→ Work instructions
Repeat precisely the line in which "Chorus Line features" occurs and all lines that follow it in the entries below. Pictures must be omitted.

→ Data excerpts
* * *

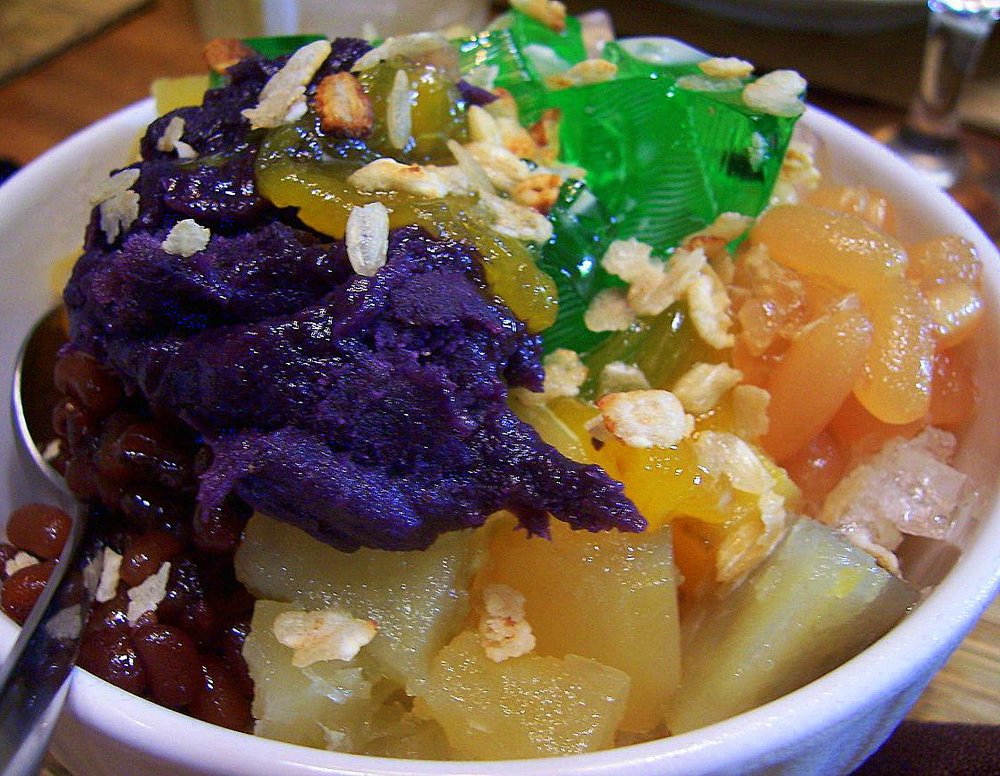 Das berühmte philippinische 'Mix-Mix' Dessert aus geschichtetem Eis, süßen Bohnen und tropischen Früchten. Ein farbenfroher, erfrischender Klassiker, der traditionell mit Kondensmilch und Ube verfeinert wird.
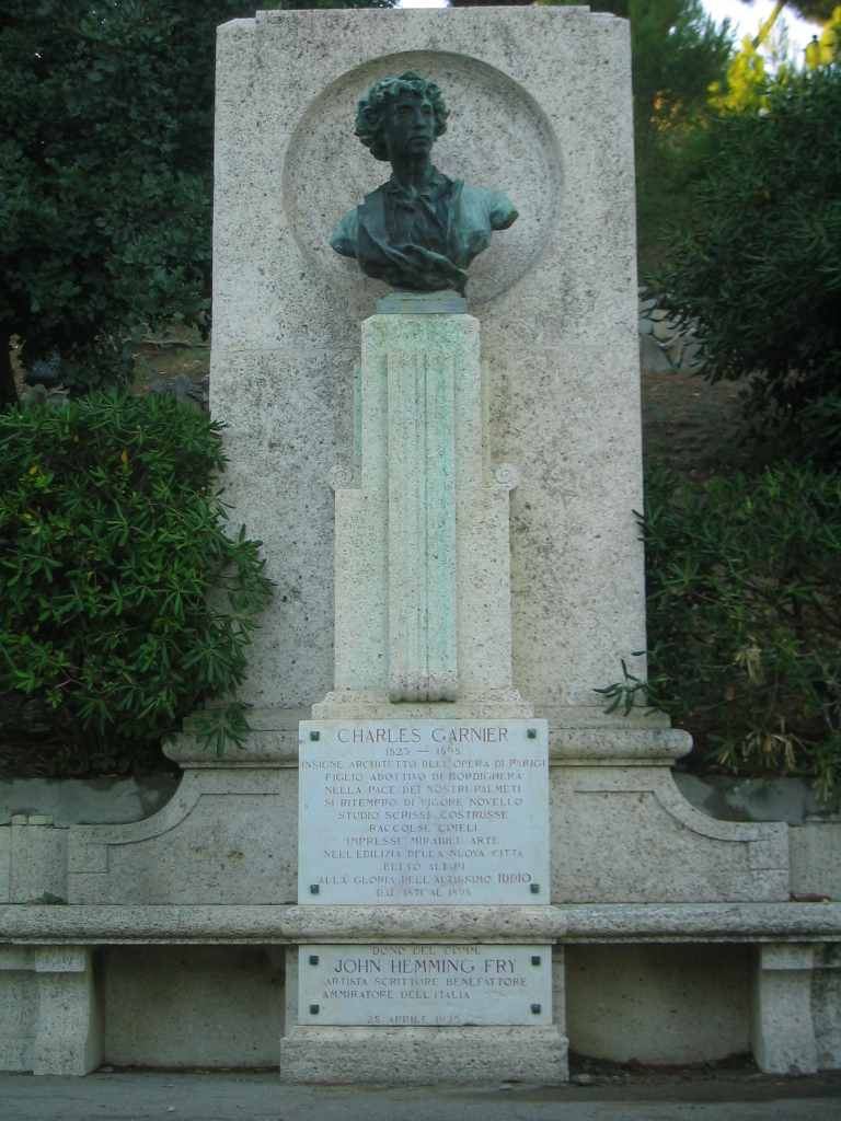 En redescendant au travers du jardin, je trouve le monument qui se veut un hommage à Garnier. Un buste coiffant une colonne, le tout adossé à un banc et un mur de calcaire. Un bronze comme on en voit tant, représentant un jeune homme dont le visage est séduisant et m’est familier puisque je l’ai vu tant de fois rue Auber à Paris.
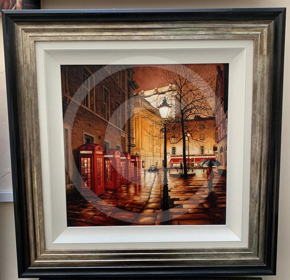 Chorus Line features the famous line of telephone boxes behind The Royal Opera House in London's Covent Garden. Just visible in the backgound is Enzo Plazzotta's sculpture "The Young Dancer."
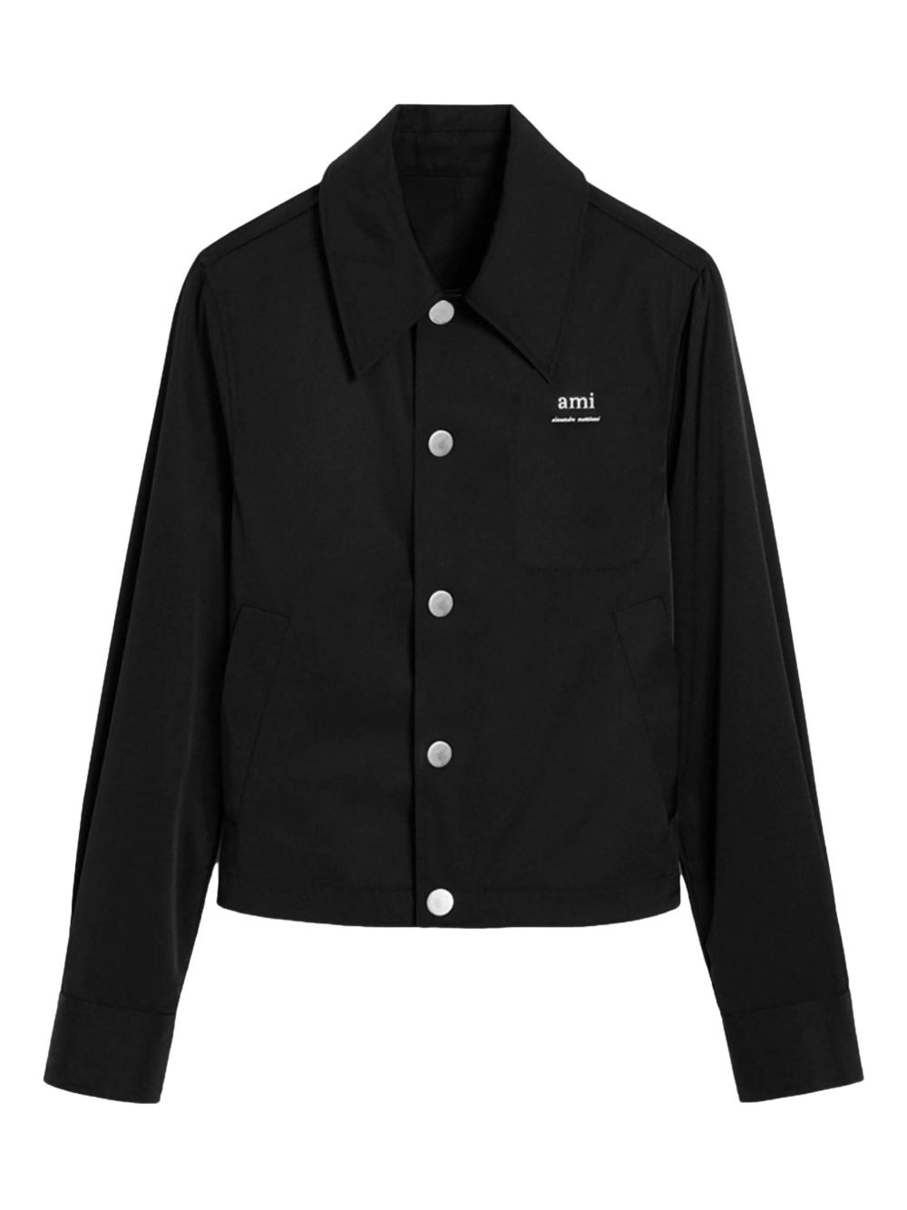 Ami Alexandre Mattiussi button-up jacket Highlights - Black - Cotton blend - Spread collar - Embroidered logo at the chest - Front press-stud fastening - Long sleeves - Press-stud fastening cuffs - Rear elasticated hem - Straight hem - When buying this unisex item, keep in mind that it is graded in standard men's sizing. Imported Composition Polyamide 70%, Cotton 30% Washing instructions Read Manufacturer Guidelines
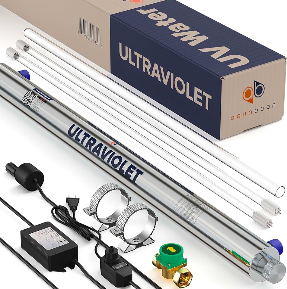UV Water Purification System 55W, 12 GPM - UV Water Filter with Smart Flow Sensor Switch - Whole House UV Water Purifier Ensuring Water Purity - UV Light for Well & City Water + 1 Extra Lamp

* * *

→ Exercise response
 Chorus Line features the famous line of telephone boxes behind The Royal Opera House in London's Covent Garden. Just visible in the backgound is Enzo Plazzotta's sculpture "The Young Dancer."
 Ami Alexandre Mattiussi button-up jacket Highlights - Black - Cotton blend - Spread collar - Embroidered logo at the chest - Front press-stud fastening - Long sleeves - Press-stud fastening cuffs - Rear elasticated hem - Straight hem - When buying this unisex item, keep in mind that it is graded in standard men's sizing. Imported Composition Polyamide 70%, Cotton 30% Washing instructions Read Manufacturer Guidelines
UV Water Purification System 55W, 12 GPM - UV Water Filter with Smart Flow Sensor Switch - Whole House UV Water Purifier Ensuring Water Purity - UV Light for Well & City Water + 1 Extra Lamp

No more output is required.